It seems from your notation and the second part of your question that you are summing over the prime divisors. In that case there is no need to mention $k$ and one can get arbitrarily close to 1. There is an infinite sequence $2,3,5,7,11,29,127,1931,309121,47777896349 \dots$ where each term is the smallest prime not already listed which keeps $\sum \frac{1}{p+1}$ strictly less than 1. The sum for $2,3,5,7,11,23$ is exactly 1. Curiously, the partial sums starting with $\frac{3}{4}$ have the form $\frac{t-1}{t}$ until about the 11th term.

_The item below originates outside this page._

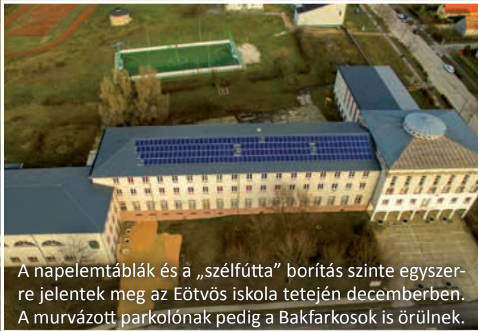
A napelemtáblák és a „szélfútta” borítás szinte egyszerre jelentek meg az Eötvös iskola tetején decemberben. A murvázott parkolónak pedig a Bakfarkosok is örülnek.

Your the lead in of your second question could be reworked into: 

Pick a prime $p=p_1$ and consider  $\sum_{i=1}^{n}\frac{1}{p_i+1}$ where the $p_i$ are consecutive primes and $n=n(p)$  is the largest integer which keeps the sum under 1.

 $n(2)=5,n(3)=13,n(5)=37,n(7)=84,n(11)=171$ (The 171 primes from 11 to 1039 have $\sum \frac{1}{p+1}$ about $1-\frac{1}{5261}$. The 290 primes from 13 to 1933 have $\sum \frac{1}{p+1}$ about $1-\frac{1}{10179}$). Based on very limited evidence, it seems possible that $1-\sum_{i=1}^{n}\frac{1}{p_i+1}>\frac{1}{n^2}$ for $n>n(7)=84$. However I certainly can't rule out it being freakishly close to 1.